The Indian harmonium is derived from reed organ (pump organ) designs developed in France. Originally, these were large instruments, designed to be played sitting on a chair, which allowed one to pump the instrument using foot pedals. Over time, Europeans designed smaller harmoniums, like the guide-chant, which included manually pumped bellows.

Indian craftsmen soon created a much smaller instrument based on the European designs, which was made to rest on the floor with bellows that were pumped with the left hand. Other elements were added, like the addition of drone stops (the use of drones is important in Indian music). This instrument quickly became popular: it was lightweight and thus portable, reliable, easy to learn and produced a rich sound. Dwarkanath Ghose of the Dwarkin company is often considered to be one of the first inventors of the Indian style harmonium.

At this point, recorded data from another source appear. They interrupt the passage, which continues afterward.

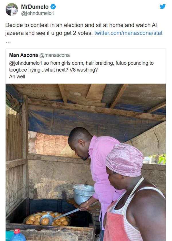 Responding to a query from a Twitter user about what gimmick was next on his campaign trail, Mr Dumelo posted: "Decide to contest in an election and sit at home and watch Al Jazeera and see if u go get 2 votes".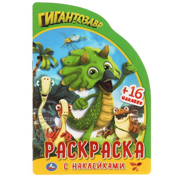 Гигантозавр. Развивающая раскраска с вырубкой в виде персонажа и наклейками. 16стр. Умка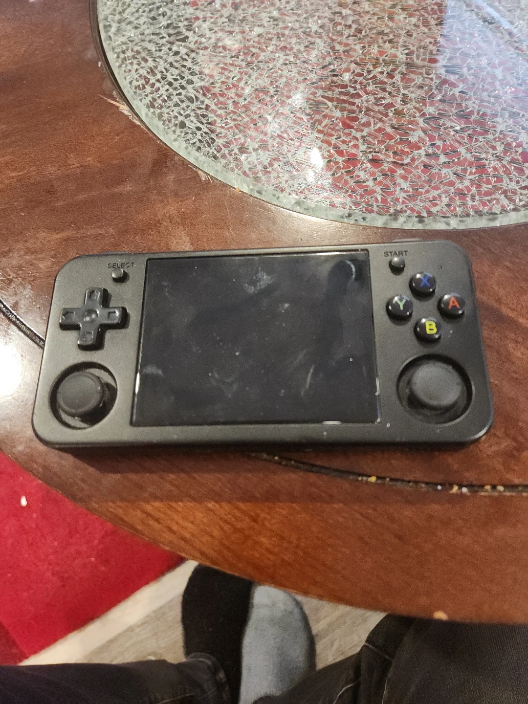 This is an Anbernic RG35XX H handheld gaming console. It features a Li-Po battery. This device is great for on-the-go entertainment!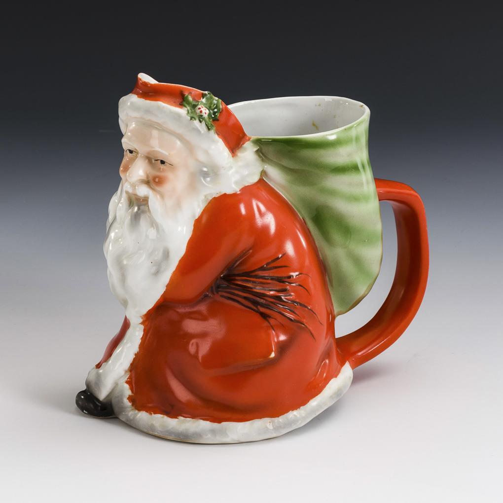Jug in the shape of a seated Santa Claus with rod and sack on his back.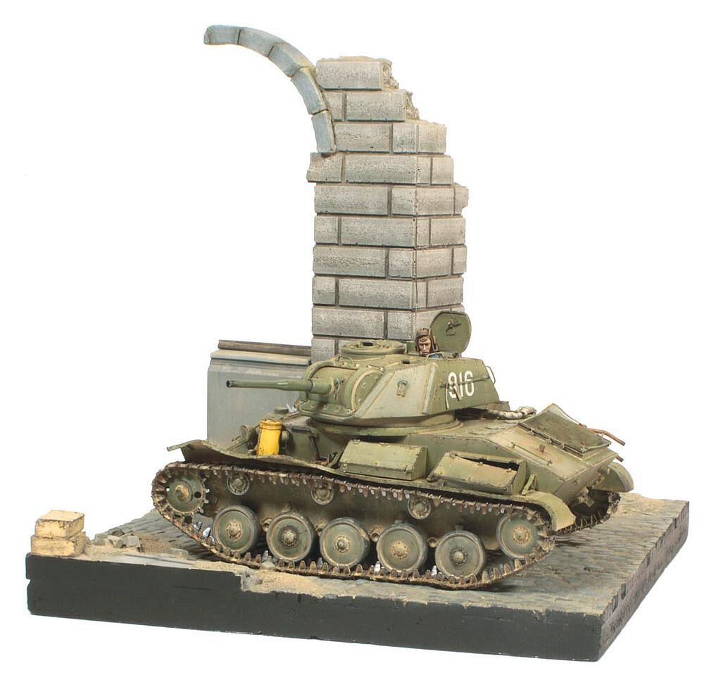 Dioramensockel aus Resin mit der Ecke eines beschädigten Hauses. 15,5 x 15,5 cm.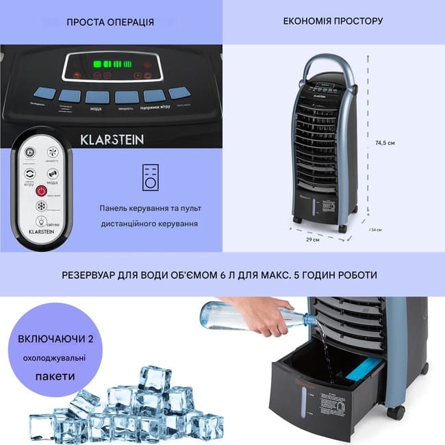 Klarstein Maxfresh має три різних режими роботи: звичайний режим, природний режим, який імітує зростання та спад вітру, і нічний режим, який також зменшує швидкість вітру до повної зупинки. У поєднанні з функцією охолодження повітря ефект освіження посилюється за рахунок випаровування води. Для тривалого терміну служби резервуар можна наповнити до 6 літрами води, а два змінних холодних пакети ще більше знижують температуру. Резервуар для води можна повністю зняти для легкого наповнення, очищення та спорожнення.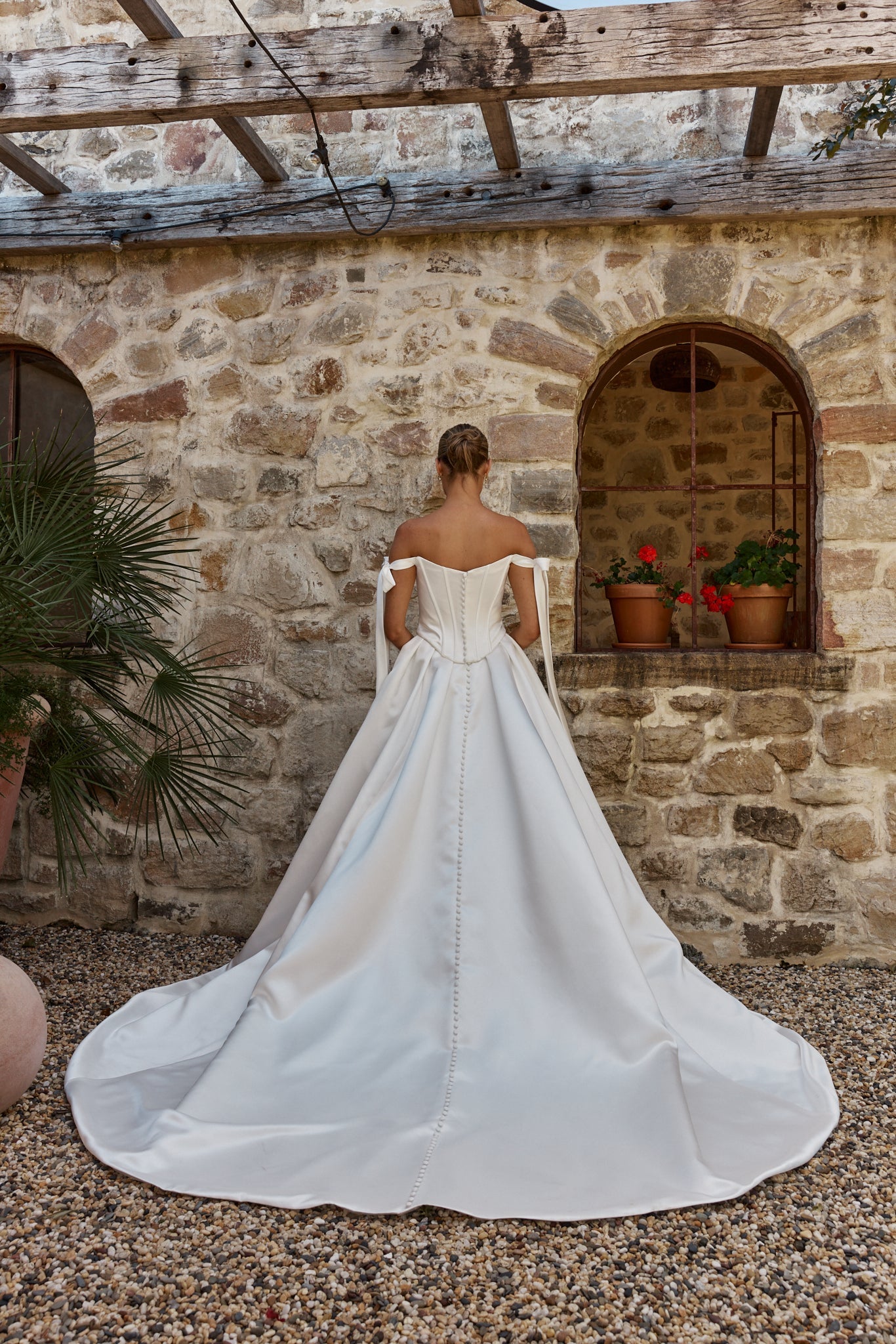 The Bonnie wedding dress is a statement two-piece design. The corset features a structured boned bodice with a straight neckline, a subtle dip at the back, and romantic off-the-shoulder bows. Draped crystal bead strands add a touch of sparkle and movement. The pleated full skirt completes the look with a cathedral-length train, finished with loop-and-button detailing that trails seamlessly from bodice to hem.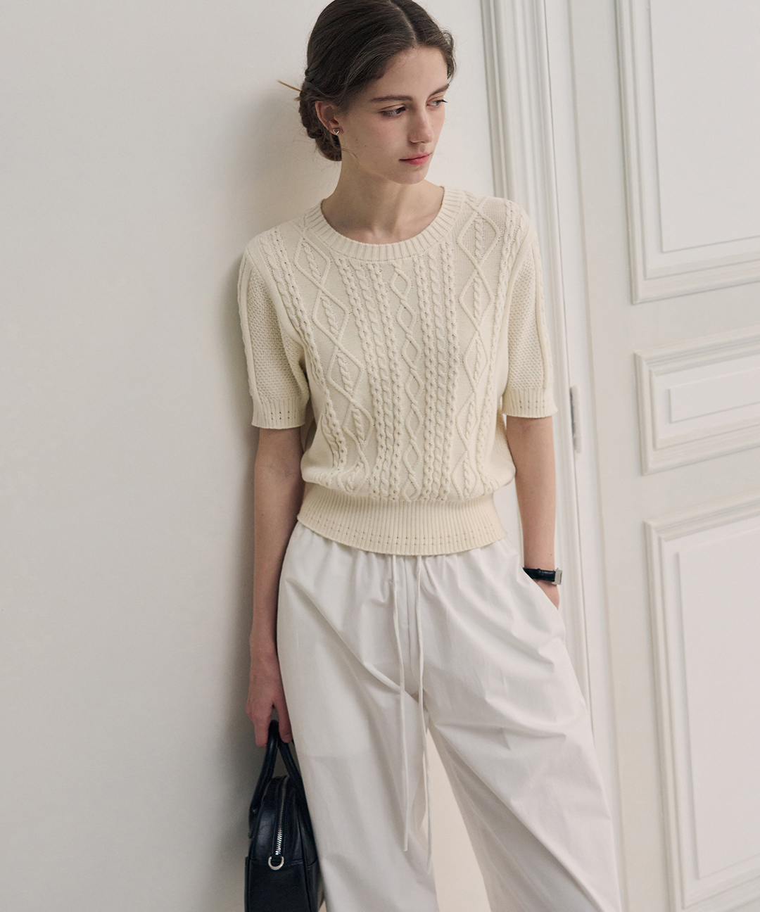 스카시 케이블 반팔 니트
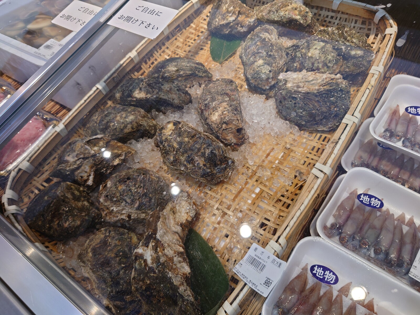 魚屋さんのスペースには、四方でとれた岩ガキが並んでいたよ。これを食堂でいただくこともできるんだって。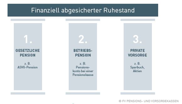 Grundsätzlich ruht das gesamte Pensionssystem auf 3 Pfeilern, die aber in unterschiedlichem Ausmaß genutzt werden können. Die (noch) wichtigste Säule der Altersvorsorge kommt vom Vater Staat. Da wir in Österreich eine verpflichtende Sozialversicherung haben, wird automatisch ein Teil des Brutto-Gehalts an den Staat überwiesen. Damit wird in eine staatliche Krankenversicherung, in die Arbeitslosenversicherung, in eine Unfallversicherung, in eine Insolvenz -Entgeltsicherung, in die Arbeiterkammerumlage, in die Wohnbauförderung und eben in die Pensionsversicherung eingezahlt. Ich werde in diesem Beitrag nur auf die letztgenannte Komponente eingehen. Das Ganze kann man sich wie einen großen Topf vorstellen, in den sowohl der Arbeitnehmer als auch der Arbeitgeber einzahlt. Um auf diesen Topf dann irgendwann auch Zugriff in Form einer staatlichen Pension zu haben, gibt es einige Spielregeln, die wir uns weiter unten im Beitrag ansehen.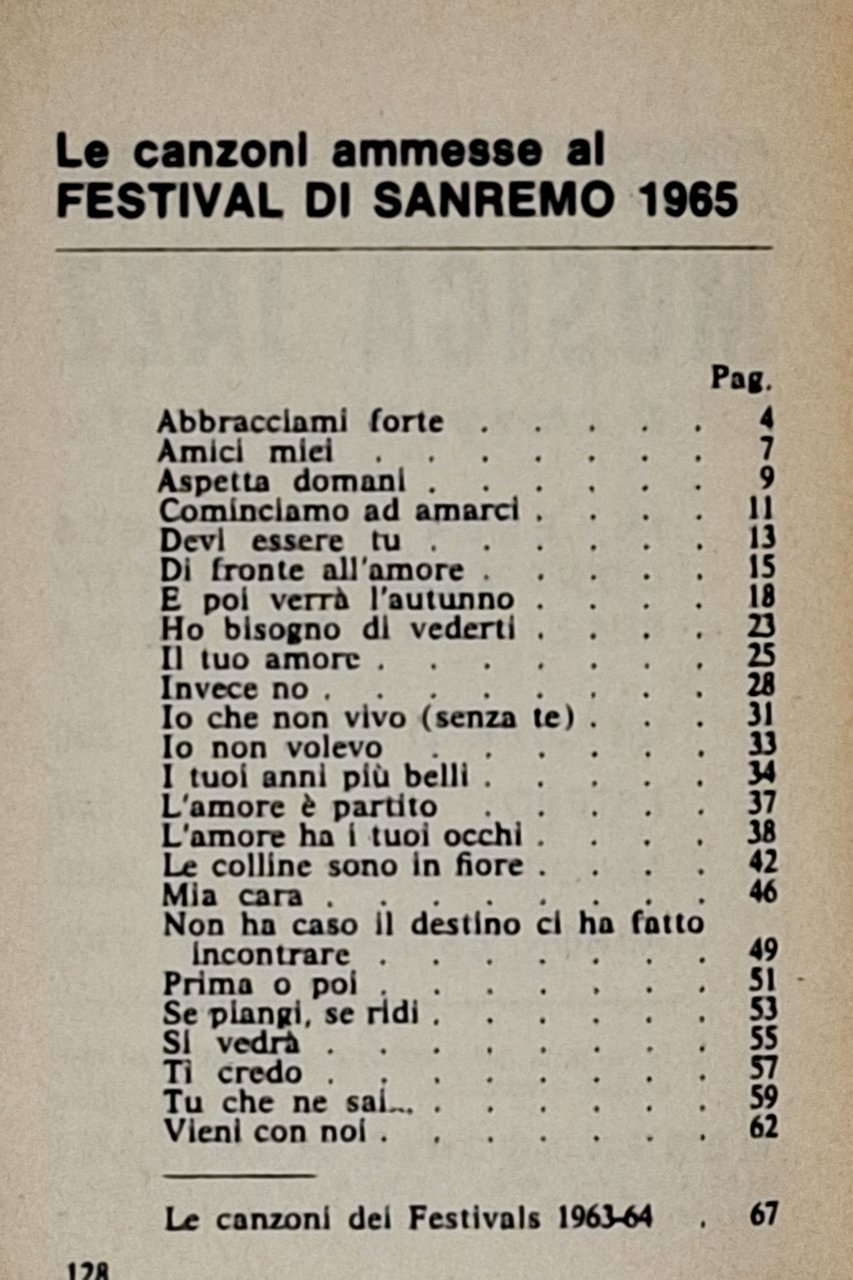 Raccolta di tutte le canzoni di successo. Formato: 9 x 12,5 cm circa. Pagine: 128. Stato di conservazione: leggere pieghette e due o tre minuscoli taglietti sui bordi della copertina (che presenta piccole macchioline del tempo) ma, nel complesso, un buon esemplare. Privo di timbri, firme di appartenenza, annotazioni o altri segni nel testo. Copertina editoriale flessibile, illustrata a colori. Con illustrazioni fotografiche in nero degli interpreti delle canzoni (tra cui Ornella Vanoni, Cigliola Cinquetti, Betty Curtis, Iva Zanicchi, i Minstrels, Daniel Gerard, Audrey, Bobby Solo, Milva, Les Surfs, .). Il libretto, da pagina 65, riporta anche le canzoni dei festivals di Sanremo 1963-1964.

Dwijendranath Tagore is credited with having used the imported instrument in 1860 in his private theatre, but it was probably a pedal-pumped instrument that was cumbersome or possibly some variation of the reed organ. Initially, it aroused curiosity, but gradually people started playing it, and Ghose took the initiative to modify it. It was in response to Indian needs that the new harmonium was introduced. All Indian musical instruments are played with the musician sitting on the floor or a stage, behind the instrument or holding it in his hands. In that era, Indian homes did not use tables and chairs.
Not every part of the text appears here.